The problem:
What you return must be the full listing, word for word, with no images in it.

Dataset excerpt:

===

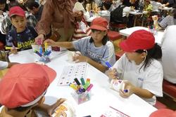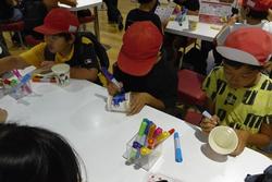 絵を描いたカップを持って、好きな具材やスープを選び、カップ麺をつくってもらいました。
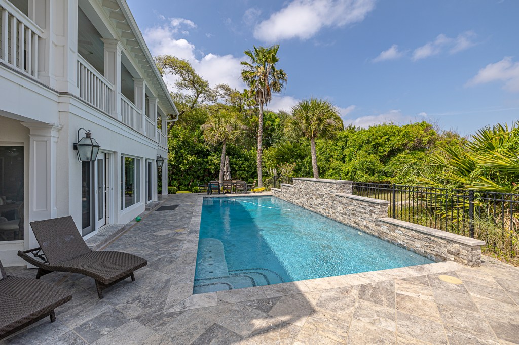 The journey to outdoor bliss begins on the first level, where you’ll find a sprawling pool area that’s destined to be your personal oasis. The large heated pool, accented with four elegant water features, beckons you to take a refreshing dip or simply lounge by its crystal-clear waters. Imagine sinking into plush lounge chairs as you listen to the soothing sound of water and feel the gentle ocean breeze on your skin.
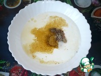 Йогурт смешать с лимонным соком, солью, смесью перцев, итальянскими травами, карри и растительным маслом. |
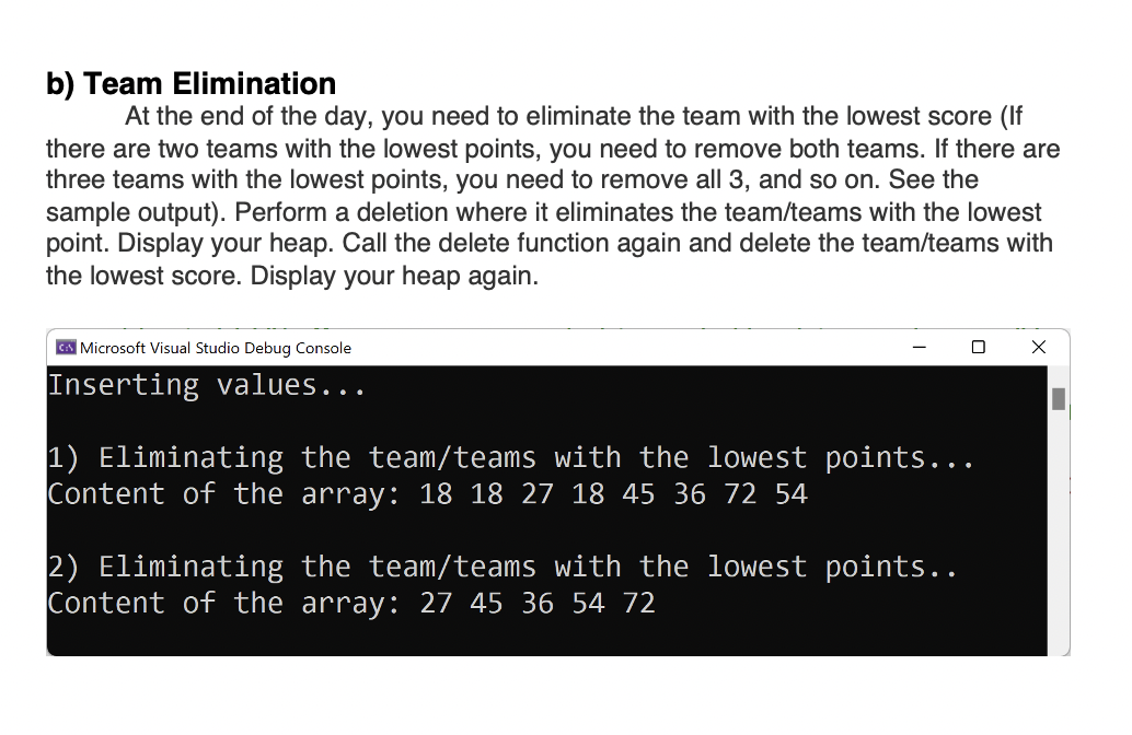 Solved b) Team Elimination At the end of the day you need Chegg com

===

Written reply:
 絵を描いたカップを持って、好きな具材やスープを選び、カップ麺をつくってもらいました。
 The journey to outdoor bliss begins on the first level, where you’ll find a sprawling pool area that’s destined to be your personal oasis. The large heated pool, accented with four elegant water features, beckons you to take a refreshing dip or simply lounge by its crystal-clear waters. Imagine sinking into plush lounge chairs as you listen to the soothing sound of water and feel the gentle ocean breeze on your skin.
 Йогурт смешать с лимонным соком, солью, смесью перцев, итальянскими травами, карри и растительным маслом. |
 Solved b) Team Elimination At the end of the day you need Chegg com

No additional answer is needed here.